Pictures in the material below are to be left out, and only the lines from the line with "茶歇空间把管道隐藏在顶部,并" up to and including the line with "식빵 자세를 못한다." are to be written out exactly.

* SUPPLIED INFORMATION *

■ ■ ■

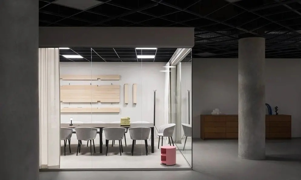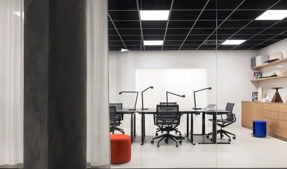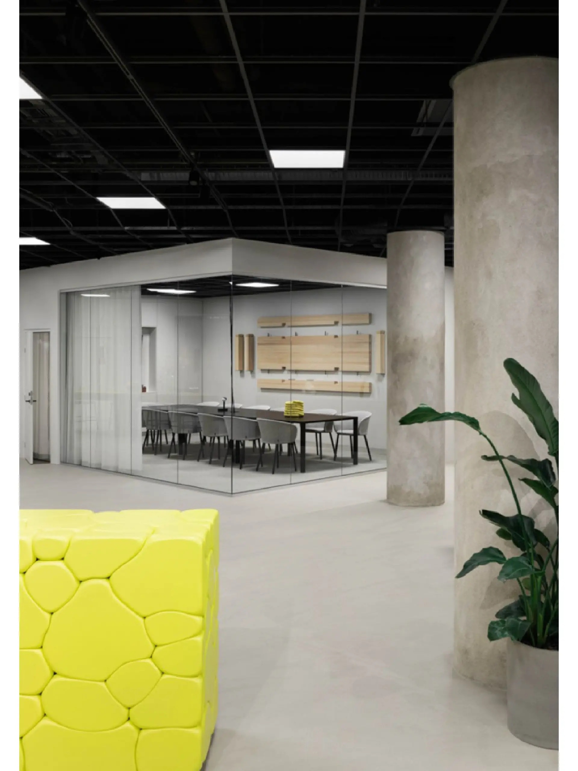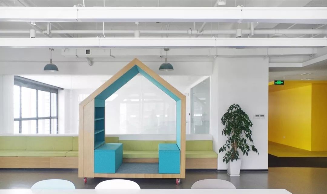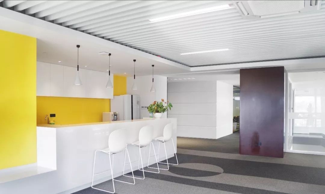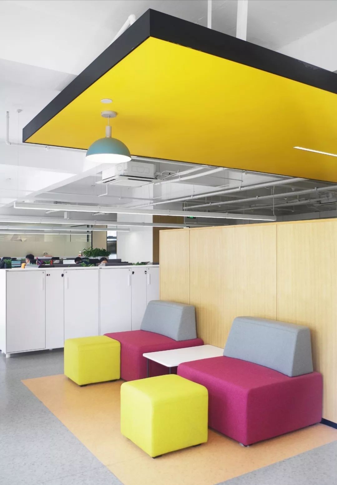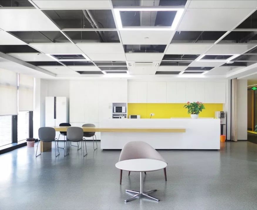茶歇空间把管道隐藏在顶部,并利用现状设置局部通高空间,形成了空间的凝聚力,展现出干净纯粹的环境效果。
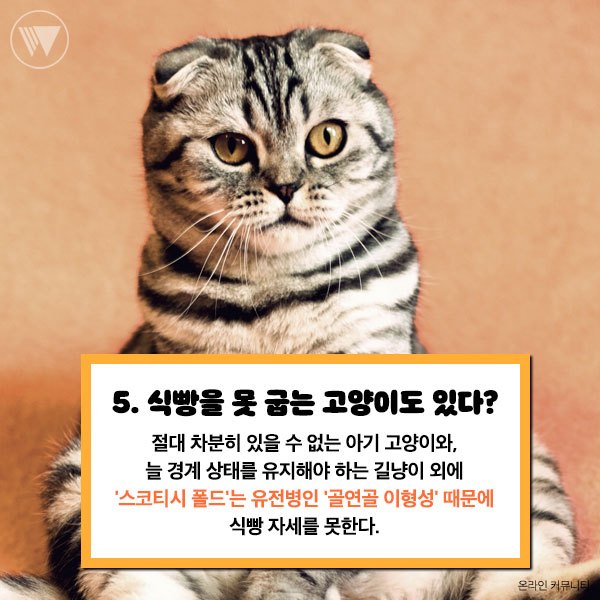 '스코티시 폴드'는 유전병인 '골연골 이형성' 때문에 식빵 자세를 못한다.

■ ■ ■

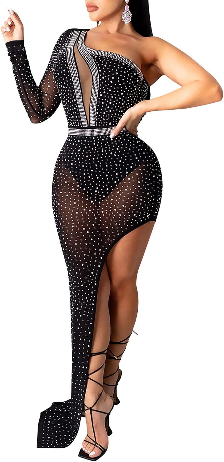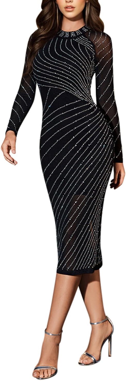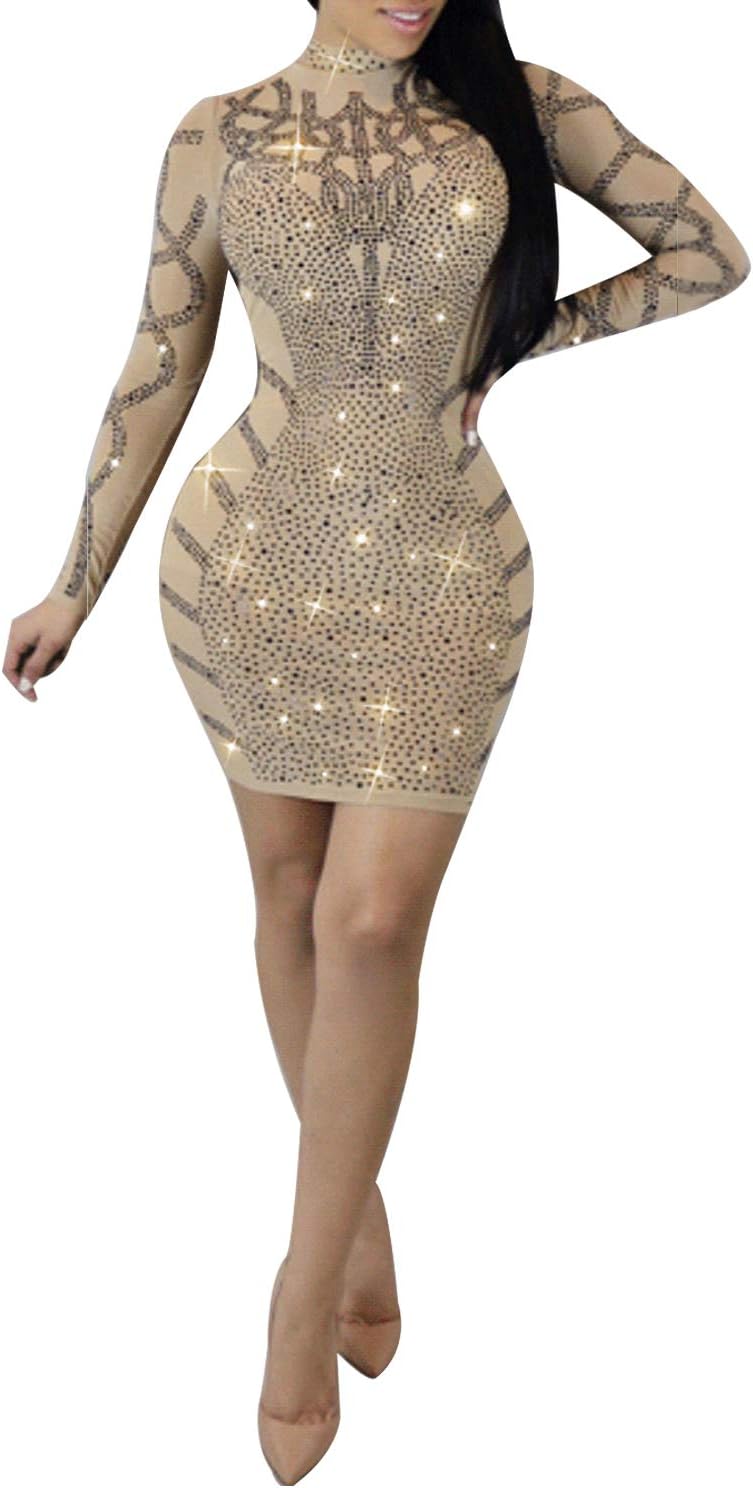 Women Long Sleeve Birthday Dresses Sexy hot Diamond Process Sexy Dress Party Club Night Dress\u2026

■ ■ ■

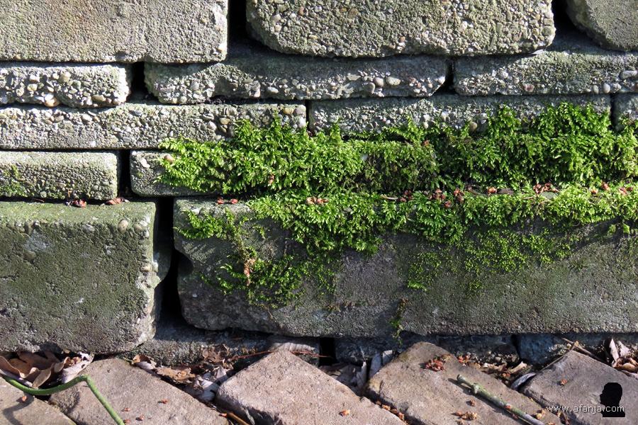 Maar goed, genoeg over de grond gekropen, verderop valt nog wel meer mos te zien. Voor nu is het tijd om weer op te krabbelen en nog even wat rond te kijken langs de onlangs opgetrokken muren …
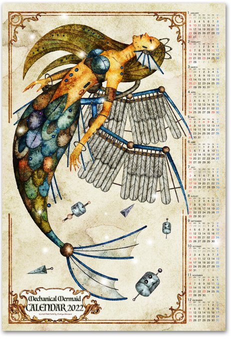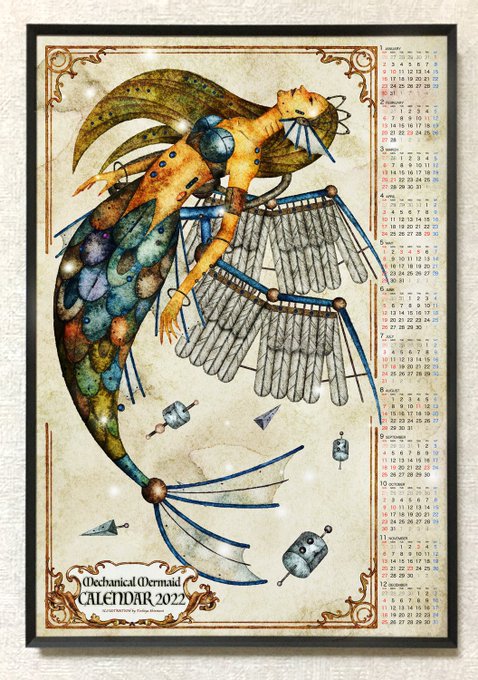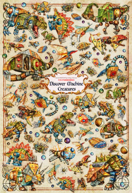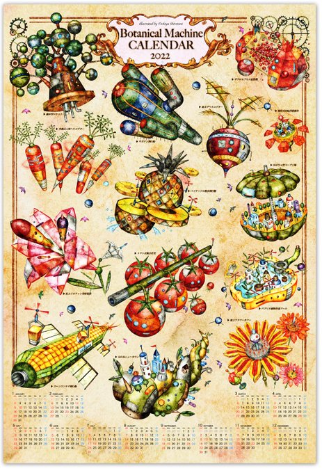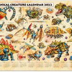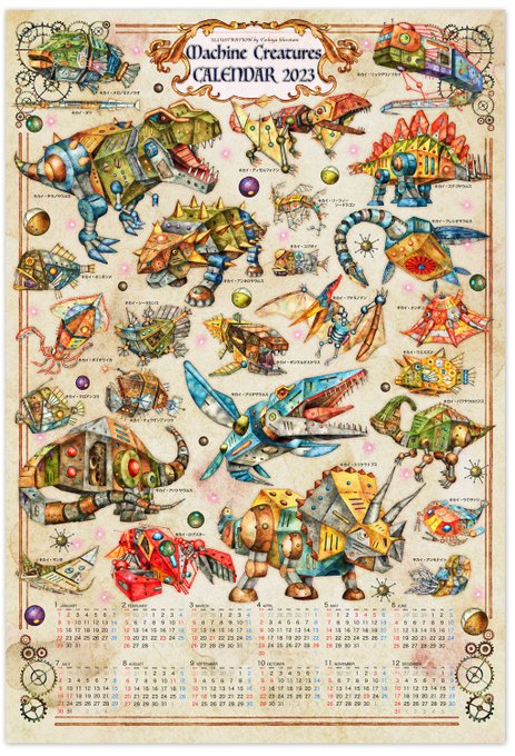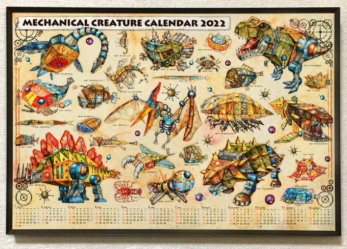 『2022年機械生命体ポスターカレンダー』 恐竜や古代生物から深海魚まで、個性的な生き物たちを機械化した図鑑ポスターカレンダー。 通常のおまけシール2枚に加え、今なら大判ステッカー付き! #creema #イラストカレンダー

■ ■ ■

* EXERCISE RESPONSE *
茶歇空间把管道隐藏在顶部,并利用现状设置局部通高空间,形成了空间的凝聚力,展现出干净纯粹的环境效果。
 '스코티시 폴드'는 유전병인 '골연골 이형성' 때문에 식빵 자세를 못한다.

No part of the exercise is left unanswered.